EU economy 'resists' US tariffs - 1.4% growth forecast. Spain and Poland lead the bloc

The EU economy is expected to expand by 1.4 percent this year, driven mainly by growth in Poland and Spain. The data comes from the European Commission's forecasts. Performing better than most member states, Warsaw and Madrid are expected to grow by 3.2 percent and 2.9 percent respectively in 2025.
The EU's economic forecast is a slight improvement on last spring's forecast of 1.1 percent. The commission expects the bloc's economy to continue expanding by 1.4 percent next year, despite the 15 percent tariffs that the United States has imposed on European exports. The unemployment rate is also expected to remain below 6 percent until 2027, while inflation will fall to 2.2 percent over the same period.

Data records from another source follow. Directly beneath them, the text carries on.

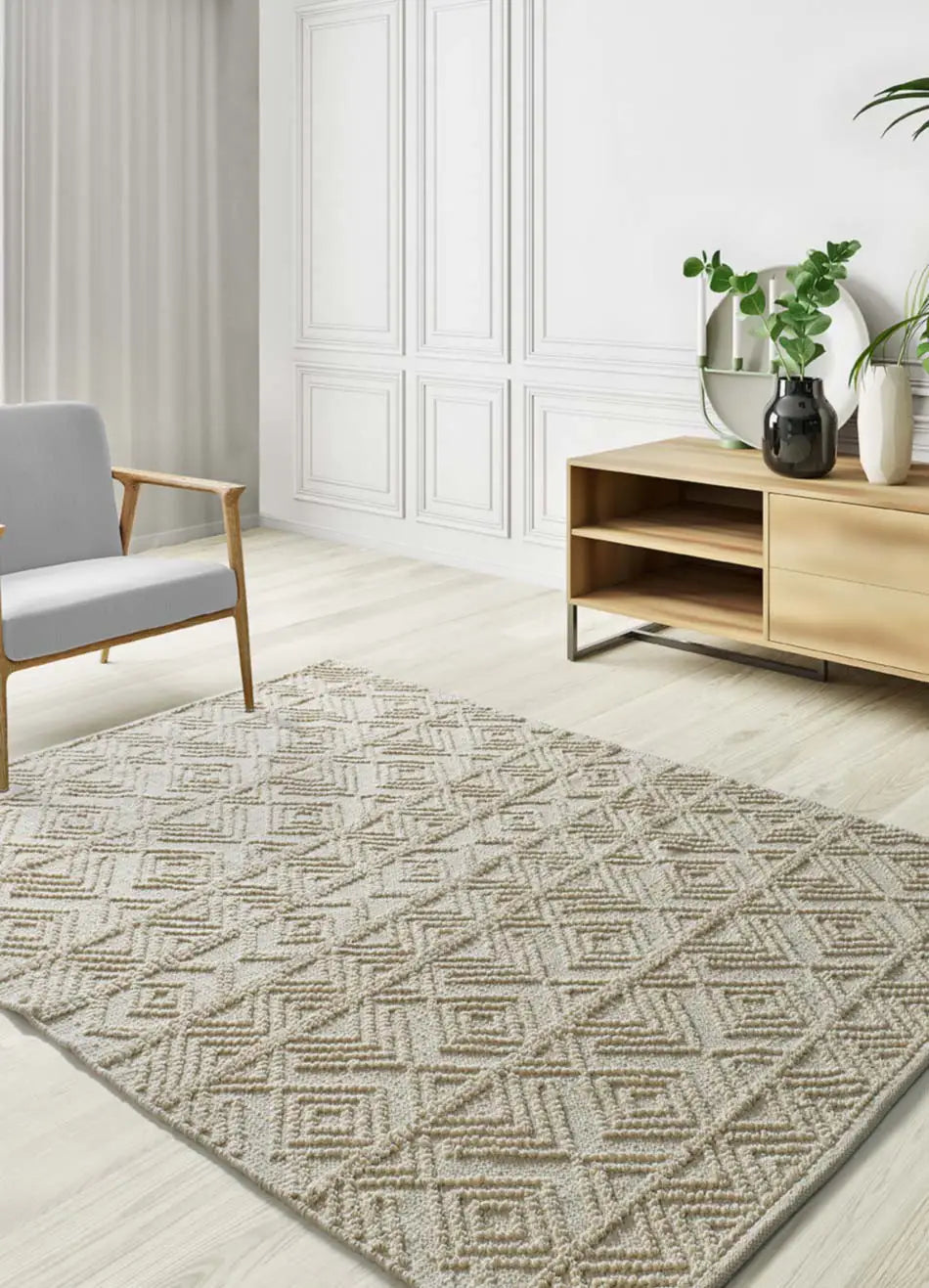 Atticgo Alfombra estilo escandinavo, reciclada y con relieve Lima 3502 Beige ambietne
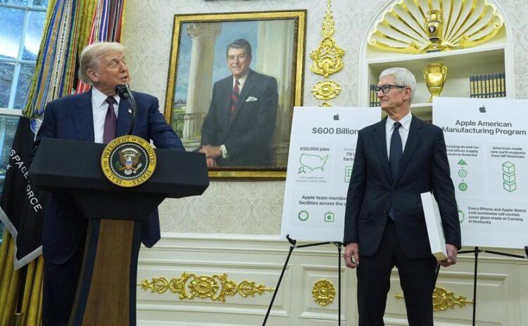 Açıklamada, Apple’ın ABD’de 100 milyar dolarlık yeni yatırım taahhüdünde bulunduğu, bununla birlikte şirketin ülkede yapacağı yatırımların tutarının gelecek 4 yıl içinde toplam 600 milyar dolara ulaşacağı bildirildi.
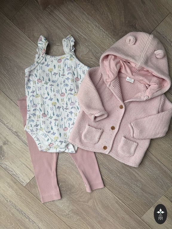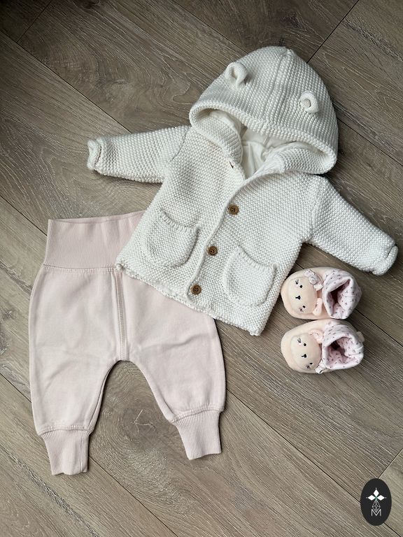 Piper&Podie suknelė su skrybėle. 3–6 mėnesiai. Šilta striukė su pamušalu 68–74 cm. Šviesiai rožinė spalva. Įsigyta TKMAXX.
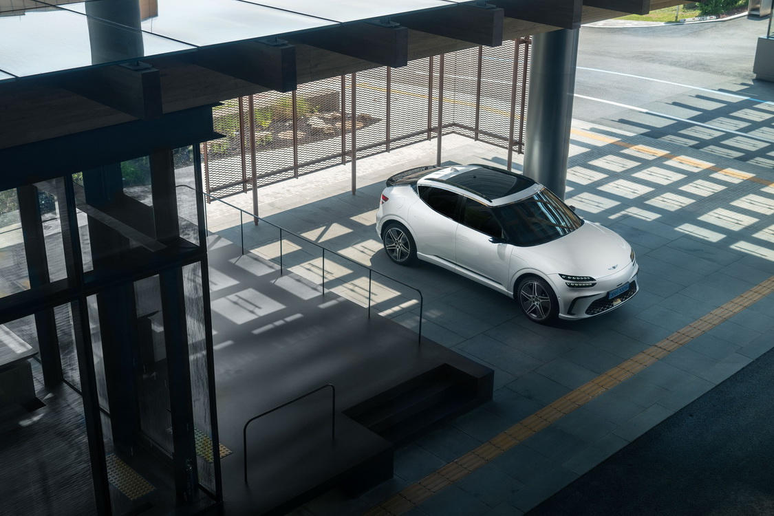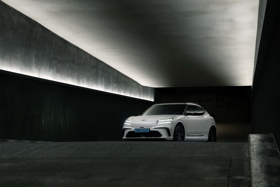 การออกแบบด้านหน้าสะกดสายตาด้วยกันชนหน้าที่ได้รับการออกแบบใหม่ให้มีรูปทรงสามมิติ ให้ความรู้สึกแข็งแกร่งและทันสมัย ไฟหน้าใช้เทคโนโลยี Micro Lens Array (MLA) ซึ่งเป็นครั้งแรกในรุ่น GV60 โดยยังคงเอกลักษณ์ "Two Lines" ที่เป็นสัญลักษณ์ของแบรนด์ Genesis

“Given the difficult external context, the EU must act decisively to boost internal growth, through simplification of regulations, the single market and increased innovation,” a senior official stressed.
Countries that once emerged as the main causes of the eurozone crisis, such as Portugal, Greece, Cyprus, Ireland and Spain, are expected to perform better than Germany, Finland and Austria, which were once considered economic models.
In a worrying sign for Europe, the three largest economies, Germany, France and Italy, are set to experience weak growth over the coming years. Once the engine of European growth, Berlin is likely to expand by just 0.2 percent in 2025 and 1.2 percent in 2026 and 2027.
Italy is expected to grow at an even slower pace, 0.4 percent in 2025 and 0.8 percent in the next two years, despite being the main beneficiary of the EU's post-COVID recovery program.
On the other hand, southern and eastern countries recorded positive results, with Malta expanding by 4%, Bulgaria by 3%, Lithuania by 2.4% and Croatia by 3.2%.